Suicide or Fly Fishing?

Posted by mail@phil-stuff.com on April 15, 2008 in Uncategorized |

13th April 2008

A strange thing happened on the way to this blog. I was going to talk about the despair that leads towards thoughts of suicide. Instead of which I will be talking about fly fishing.

I got up today and the day was overcast, dry and warm. A good day for fly fishing. When I arrived at the lake which is only 8 to 10 miles from where I live, it was overcast, raining, and cold. I began with 3 flies, as always. There was a small black buzzer (size 14 – the only fly I can tie well) on the top, a larger buzzer on the middle dropper and a large, improbably fluorescent daddy on the point.

None of that means anything to anyone who does not fly fish, I realise. What it does mean is that I was using 3 flies and the fish were having none of it.

Fly fishing is a great leveller of people. You can have all the money in the world and the fish can still turn their noses up at you. I am not a good fly fisher. I have an elbow problem that makes distance casting difficult. One of the great sayings of fly fishing is that not all distance casters are great anglers, but all great anglers can cast a distance.

Anyway, suicide or flyfishing?

I was going to talk about suicide. Not the supercilious ‘here’s how to do it’ type of blog. It was going to be about the despair and depression that lead to thoughts of suicide. The black dog that lives in your soul. The one that I have seen and known recently. Life is hard. My life has been unravelling. Debts that I can not control, a job taken away because of the economic outlook, and my inability to talk to my partner about any of the issues. I feel worthless with a cold pit in my soul.
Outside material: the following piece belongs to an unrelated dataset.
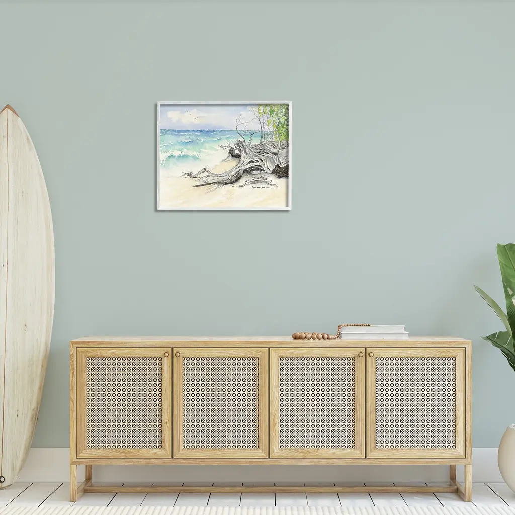 Stupell Beach Driftwood Landscape Framed Giclee Art Design By Christine Reichow - 30 X 24 - White

Why fly fishing today? It is simple. Fly fishing allows me to avoid and forget (for a while) my problems. Fly fishing is a sport of concentration, of luck, and ability. I lack all three, which is a shame.
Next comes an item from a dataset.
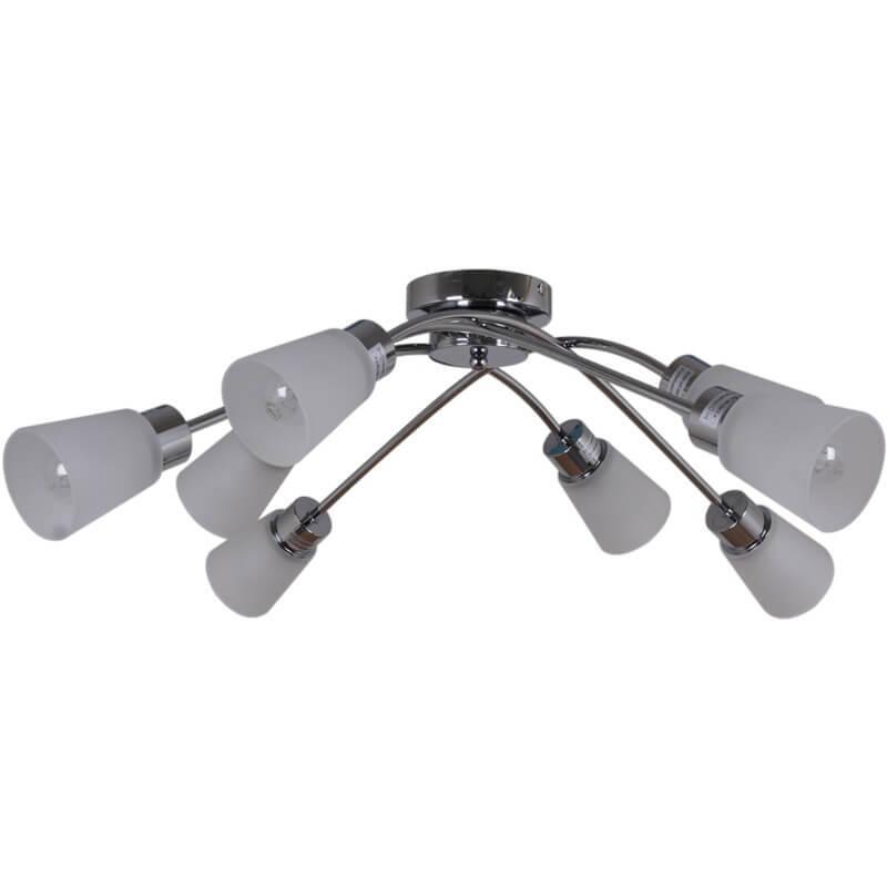 Производитель светильника рекомендует для устройства 8 ламп накаливания с цоколем E14 и мощностью 40 W, что позволит осветить помещение площадью 64 кв.м. Габариты изделия: высота – 230 мм, диаметр – мм.

The point of fly fishing is not to catch fish. The point is to teach humility. Think about it. You cast a hook dressed with feathers that hopefully looks like something a trout might want to eat. The angler tries to make the fish take the imitation fly. The trout look at it and turn away. You have to be humble in this game.

Casting a fly would be easy, if it weighed more that a piece of wool on the end of a 30 foot length of line. Unfortunately it doesn’t. The method is to make the line float in the air, to induce a whip into the line that takes that small fly out onto the water, just for the fish to ignore.

Today I got up at 6:00. I was awake at 4:00 my mind racing about my problems but by 7:00 I was beginning to think about fishing. That is one of the great things about fly fishing. You have to forget your problems. Only calm will do, it is very zen.

I arrived at the small lake at 8:00. It was calm. 2 other anglers were there, they had tackled up and were fishing. I walked along the bank to the spot I like. I laid out my landing net first, as I always do, then I put the rod together and threaded the line through the eyes. No talking, no outside thoughts, just looking at the water, where are the fish rising? This is the quiet time. The time to empty thoughts, to forget. This is the perfect time.

As soon as you begin to fish you lose. Take too many fish and it is too easy. Take none and it is a defeat. Take any and you still lose, unless to take one and immediately pack up your tackle, which is impossible. So you always lose. That is fitting. You spend your time and skill, the fish spend their lives, for you.

The mechanics of fly fishing are simple. You cast the fly, let it sink a bit and retrieve it. The actuality is different. The cast, did it land on the water without disturbing the fish? Let the fly sink to the depth that you think is where the fish are and then retrieve it, trying to make it look alive.

The angler has to forget everything, clear his mind. He can be there for 4 hours or more. He has to have his mind alert for a tug, a slight movement in the line. Then, if he does not react immediately the fish will spit out the cold taste of the hook.

I stood on the bank. I saw my first squirrel of the year. The squirrels that live in our garden have not made an appearance yet but here there was one jumping from tree to tree. The ducks flew in and swam over my line without catching on it, how do they do that? Chaffinches started a domestic argument raising a racket that would disturb the dead, but not the fish.

It begins to rain I cast. It rains some more and I cast again. I wonder about my flies. Should I change them? Perhaps flies with more colour, perhaps bigger would be better.

My hands become cold, red with the breeze and rain. My mind begins to play music. I can not clear my mind of songs. Captain Beefheart songs do not help with my fishing, but the Captain will not go away. he has been part of my life for 40 years, why should he go now? The line twitches, the fish is playing with me. I become aware, the line moves and I lift into a fish.

Another fish follows on the next cast. Then nothing for 2 hours. I go home.

Depression returns and I open a bottle of whiskey. But for 4 hours it was good.